While I find your examples fascinating, I remain convinced that most students would fare better if they did forgo jumping to a calculator in an elusive attempt to stumble on a solution for a problem they hardly understand.
For reference, both of my children took the SAT without using the calculator as they had prepared under such a condition. The oldest one researched the impact of a calculator in great depth and concluded that a well-prepared student would complete each section faster without relying on a crutch.
Again, I love your examples and I am happy to agree that it might help a few people on the new SAT. Fair enough?
Experimenting with the calculator on test day is a no-no. The calculator on test day is just for procedures you know how to do well. Technology is dangerous unless used the right way.

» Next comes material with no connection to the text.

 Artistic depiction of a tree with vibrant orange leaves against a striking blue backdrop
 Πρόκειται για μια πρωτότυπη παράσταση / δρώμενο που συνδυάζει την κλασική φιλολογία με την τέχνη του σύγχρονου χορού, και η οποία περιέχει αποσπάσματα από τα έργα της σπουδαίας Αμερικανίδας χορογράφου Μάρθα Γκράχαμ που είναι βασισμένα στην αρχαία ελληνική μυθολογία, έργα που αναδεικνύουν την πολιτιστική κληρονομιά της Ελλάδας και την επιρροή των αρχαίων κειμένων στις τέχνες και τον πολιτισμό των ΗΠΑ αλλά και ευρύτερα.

What research did your son do? Any references? Maybe he did not understand well what can be done with a CAS or how quickly it can be done. I agree that having a teacher who can show you how to use it properly can be an advantage because there is a learning curve.
It is impossible for me to pin down exactly how many points students were able to add with CAS on the old SAT, but I would estimate around 50-80 for bad-algebra students and around 30-40 for reasonably-good algebra students. I had a kid who scored 760 M who loved the CAS. I don’t know if he added any points because of it but it made him happier anyway. I myself far prefer pencil algebra to CAS, but I would definitely bring my calculator to the new SAT. I might not use it at all, but it might come in handy for annoying algebra or double-checking for careless errors. You never know for sure what might turn up, especially on the new test with its emphasis on Algebra 2. You can also use the history to review things later.

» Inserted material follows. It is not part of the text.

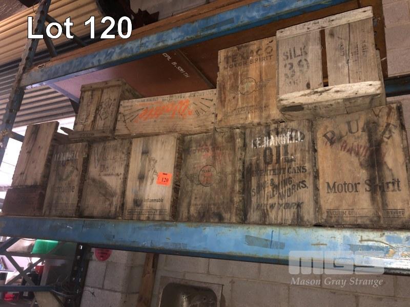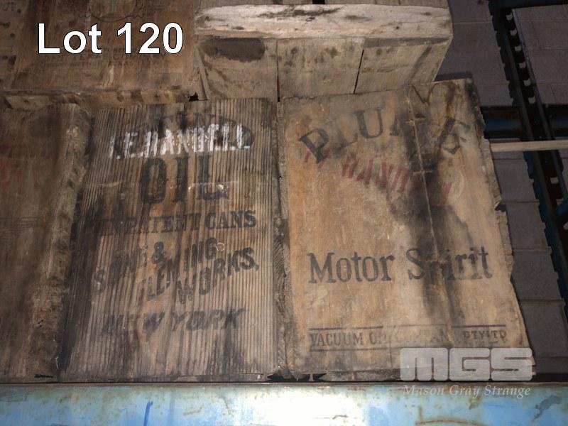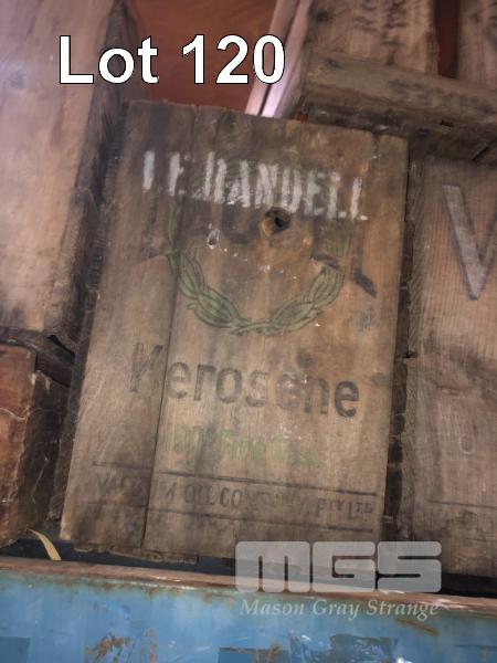 ANTIQUE WOODEN CRATES & BOXES INC PETROL & POL, 1 x BAY

fmax and fmin return the X-coordinates, not the y-coordinates, of the maximum and minimum. Further, you do not need to add the interval endpoints if you are considering all real numbers. I would do these two problems (and all max/min problems) as follows:
CAS solution
Define f(t)=100t-4.9t^2
fmax(f(t),t) Enter
returns t=10.20141 — This is the answer to question 31
f(10.2) Enter
returns 510.204 – This is the answer to question 30.
It looks like projectile motion problems will be popular on the new SAT. So far I have only seen the simplified kind with purely vertical motion. A side note: Official PSAT Practice Test questions 30-31 are not very “real world”: who shoots an arrow straight up in the air?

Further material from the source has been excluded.